This won't be cheap, easy or quick but it's an exceedingly interesting idea.

Cryogenic, superconducting conduits could be connected into a "SuperGrid" that would simultaneously deliver electrical power and hydrogen fuel. . .

A five-gigawatt Super-Cable is certainly technically feasible. Its scale would rival the 3.1-gigawatt Pacific Intertie, an existing 500-kilovolt DC overhead line that moves power between northern Oregon and southern California. Just four Super-Cables would provide sufficient capacity to transmit all the power generated by the giant Three Gorges Dam hydroelectric facility in China.

Because a Super-Cable would use hydrogen as its cryogenic coolant, it would transport energy in chemical as well as electrical form. Next-generation nuclear plants can produce either electricity or hydrogen with almost equal thermal efficiency. So the operators of nuclear clusters could continually adjust the proportions of electricity and "hydricity" that they pump into the Super-Grid to keep up with the electricity demand while maintaining a flow of hydrogen sufficient to keep the wires superconducting.

The ability to choose among alternative forms of power and to store electricity in chemical form opens up a world of possibilities. The Super-Grid could dramatically reduce fuel costs for electric- and hydrogen-powered hybrid vehicles, for example.

About 10% of the electricity generated is dissipated in transmission loss through conventional cable. It generates heat which degrades the wires, making them sag and age, and are limited in the amount of power they can transmit without blowing their insulation off. We are bumping up agsinst the limits of that technology, and it inhibits us from exploiting some power generation design options.

No major scientific advances are needed to begin building the SuperGrid, and the electric utility industry has already shown its interest in the concept by funding a SuperGrid project at EPRI which will explore the numerous engineering challenges that integrating Super-Cables into the existing power grid will pose. The largest of these is what to do if a Super-Cable fails.

The grid today remains secure even when a single device, such as a high-voltage transmission line, fails. When a line sags into a tree, for example, circuit breakers open to isolate the line from the grid, and the power that was flowing on the wire almost instantaneously shifts to other lines. But we do not yet have a circuit-breaker design that can cut off the extraordinary current that would flow over a Super-Cable. That technology will have to evolve. Grid managers may need to develop novel techniques for dealing with the substantial disturbance that loss of such a huge amount of power would cause on the conventional grid. A break in a SuperCable would collapse the surrounding magnetic field, creating a brief but intense voltage spike at the cut point. The cables will need insulation strong enough to contain this spike.

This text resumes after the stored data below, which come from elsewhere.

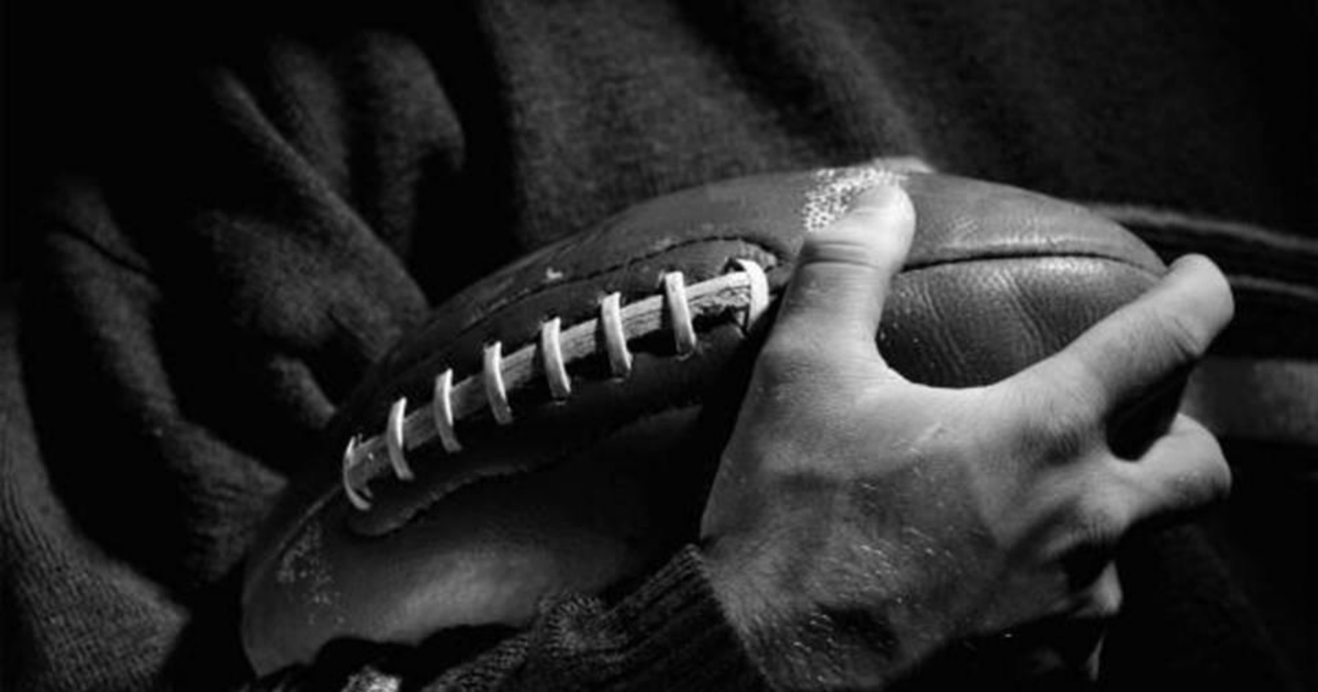
Image of the Sexual Animal
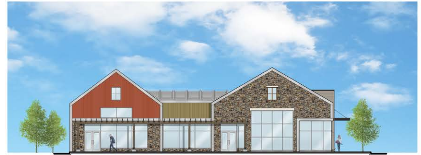
3 WEST SIDE ELEVATION (LEFT) A-201 SCALE: 3/32" = 1'-0"
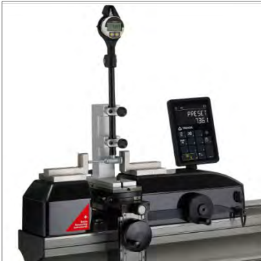
Setting of 2-point bore gauges with holder (TA-SU-313, TA-SU-318, TEL5)
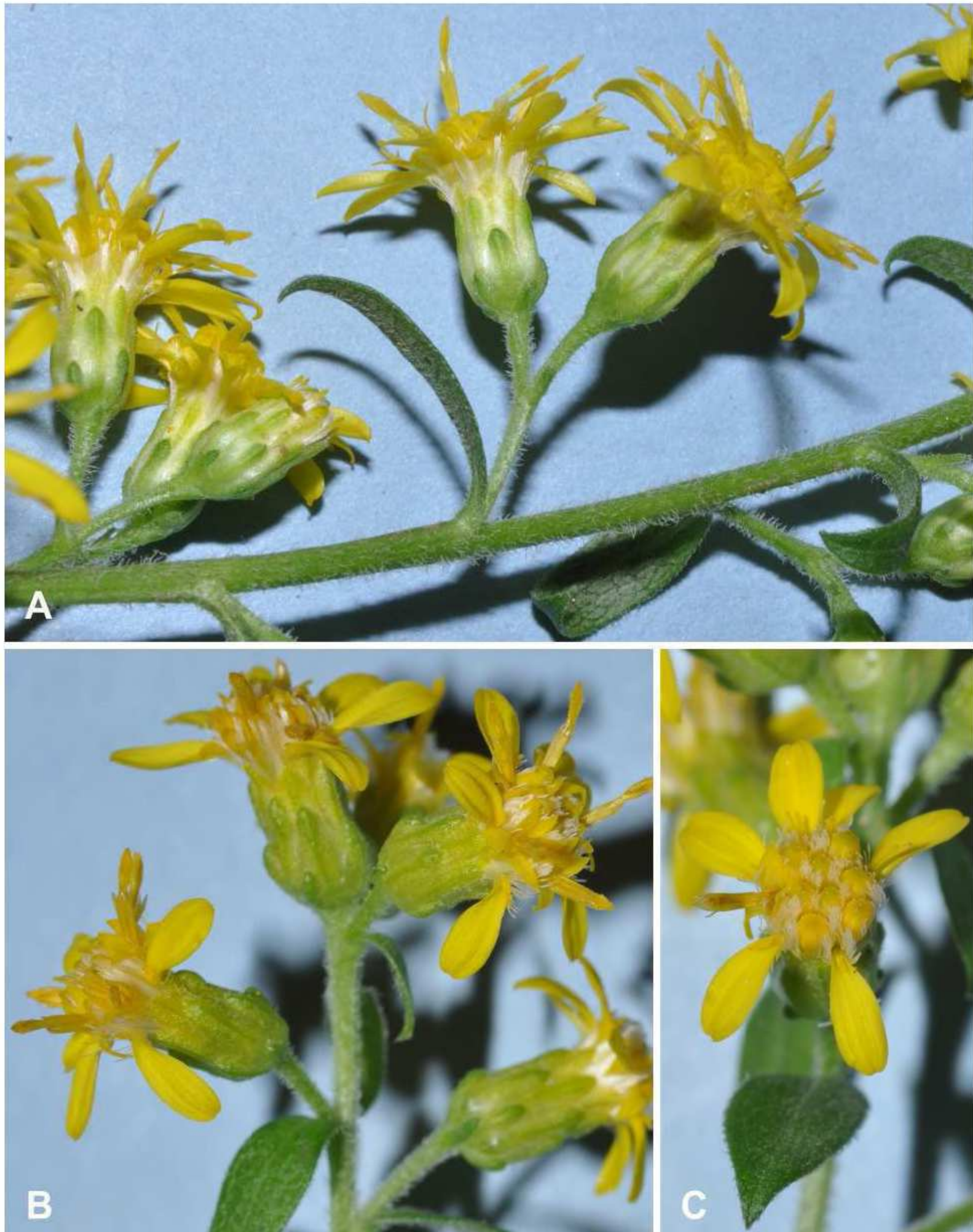
Figure 6. Solidago porteri floral morphology, Tennessee (Semple et al. 11861). A. Part of an inflorescence. B. Heads showing involucre. C. Head showing rays; most disc florets not yet open.
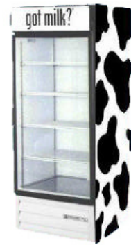
MT 27 $1,450*
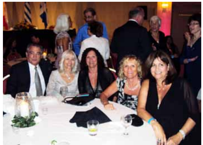
Glaros family members
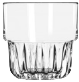
Rocks No. 15434 + 9 oz./26.6 cl./266 ml. H3% T3% B2% D3% 3 doz./24# • .99 cu. ft. SCC 173938
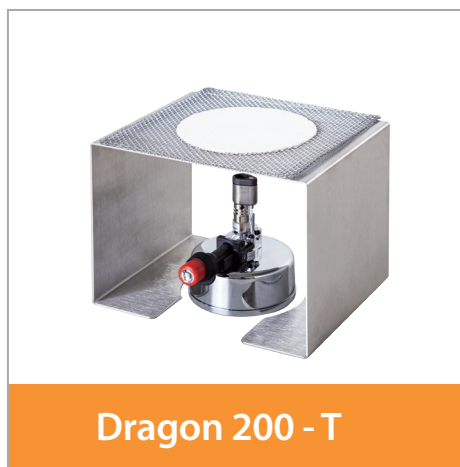
Dragon 200 - T
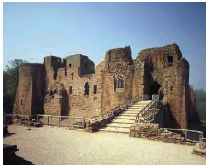
Figure 6 Goodrich Castle, Herefordshire. View from the barbican with the gatehouse, containing chapel and constable's quarters, in the foreground.

From the late 14th century onwards there was a revival of the Great Tower, with many elaborate new examples, such as Old Wardour (Wiltshire) or Tattershall (Lincolnshire) being built. Though these often contained deliberately old-fashioned elements, harking back to the glories of a heroic past, they were designed for comfortable living and grand entertaining rather than for military purposes (Figure 6). At Ashby de la Zouch (Leicestershire), prominent castellated elements including a great tower were added to an earlier, apparently unfortified manorial complex. But increasingly, from the 15th century great lords abandoned military architectural elements altogether and built grand houses round extensive courtyards, like Haddon Hall (Derbyshire) and Dartington Hall (Devon).
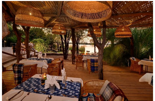
Dining Area 2
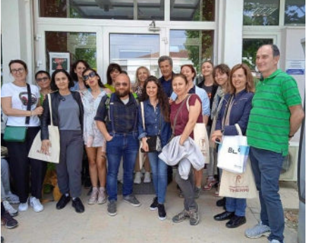
Figure 10. Visiting the City Hall/Meeting the Mayor
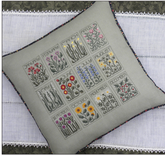
14" x 14" Cushion
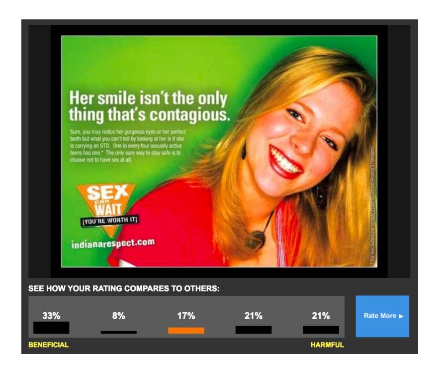
Figure 2. American propaganda artifact shown with crowdsourced rating from Mind Over Media
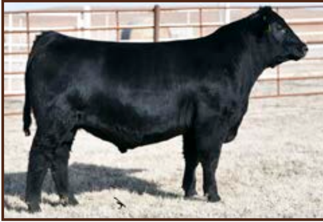
PA SENSATION 9232 - Lot 57
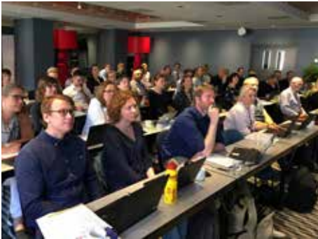
The Secretariat organised 7 reporting training and First Level Control seminars.

Flanders, Geert Bourgeois, who called for an integrated strategy for the North Sea. In addition, we organised 7 training events supporting our project community to implement projects. Programme staff also participated in numerous events organised by projects.
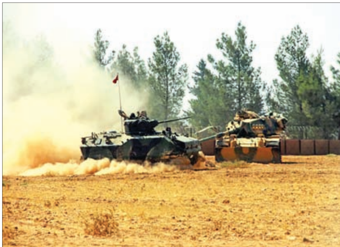
A Turkish army tank and an armoured vehicle are stationed near the Turkish-Syrian border in Karkamis in the southeastern Gaziantep Province, Turkey, on 23 August 2016.

Turkish military sources said a ground incursion had yet to start, but a group of Turkish special forces had entered Syria while Turkish and US-led coalition jets hit four Islamic State targets and Turkish artillery struck more than 60 targets. Tanks were
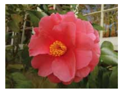
Spring blooming Camellia japonica 'Kumasaka'.

Hybridizers combined the hardiness of this white fall-blooming species from China with the floral attributes of traditional
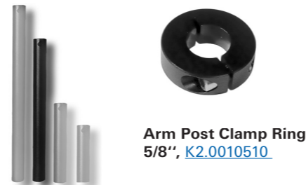
Arm Post Clamp Ring 5/8", K2.0010510

Arm Post 10" - Ø 5/8" K2.0010455 Arm Post 12" - Ø 5/8" K2.0010456
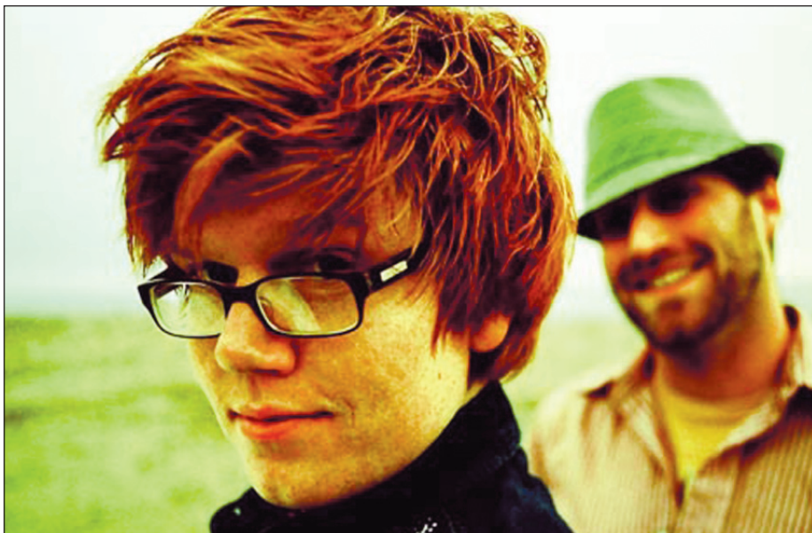
BRETT DENNEN 2/5 CAT'S CRADLE
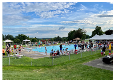
Elementary back to school pool party
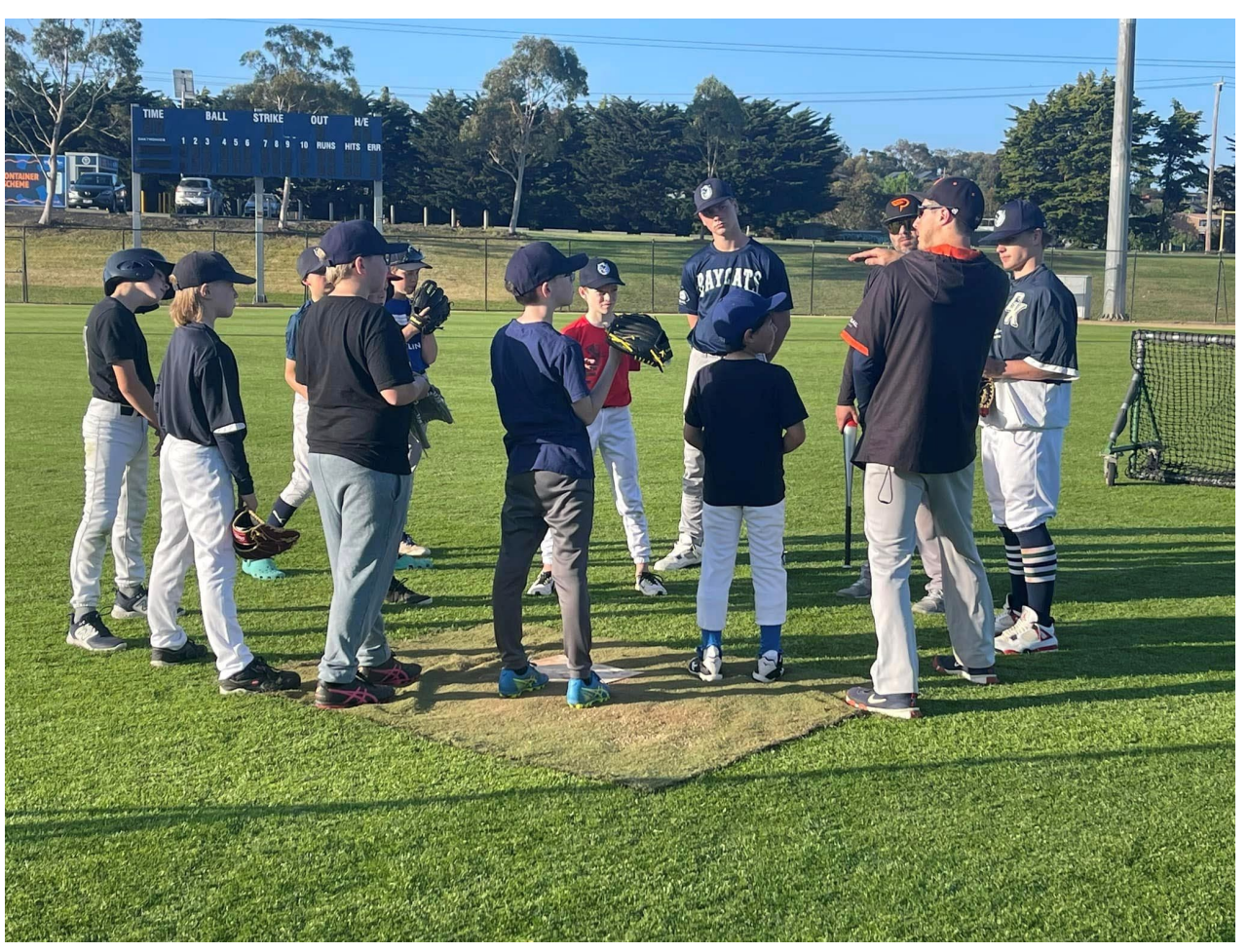
Geelong Baycats – BV Pipeline 2Ball

All sessions are open for all clubs' players and coaches regardless of location. If you have any questions, please email <a href="mailto:development@baseballvictoria.com.au">development@baseballvictoria.com.au</a>.

Safely transporting large amounts of hydrogen within the Super-Cable poses another challenge. The petrochemical industry and space programs have extensive experience pumping hydrogen, both gaseous and liquid, over kilometer-scale pipelines. The increasing use of liquefied natural gas will reinforce that technology base further. The explosive potential (energy content per unit mass) of hydrogen is about twice that of the methane in natural gas. But hydrogen leaks more easily and can ignite at lower oxygen concentrations, so the hydrogen distribution and storage infrastructure will need to be airtight. Work on hydrogen tanks for vehicles has already produced coatings that can withstand pressures up to 700 kilograms per square centimeter.

Probably the best way to secure Super-Cables is to run them through tunnels deep underground. Burial could significantly reduce public and political opposition to the construction of new lines.

Not easy, not cheap. This may still be at the SF stage.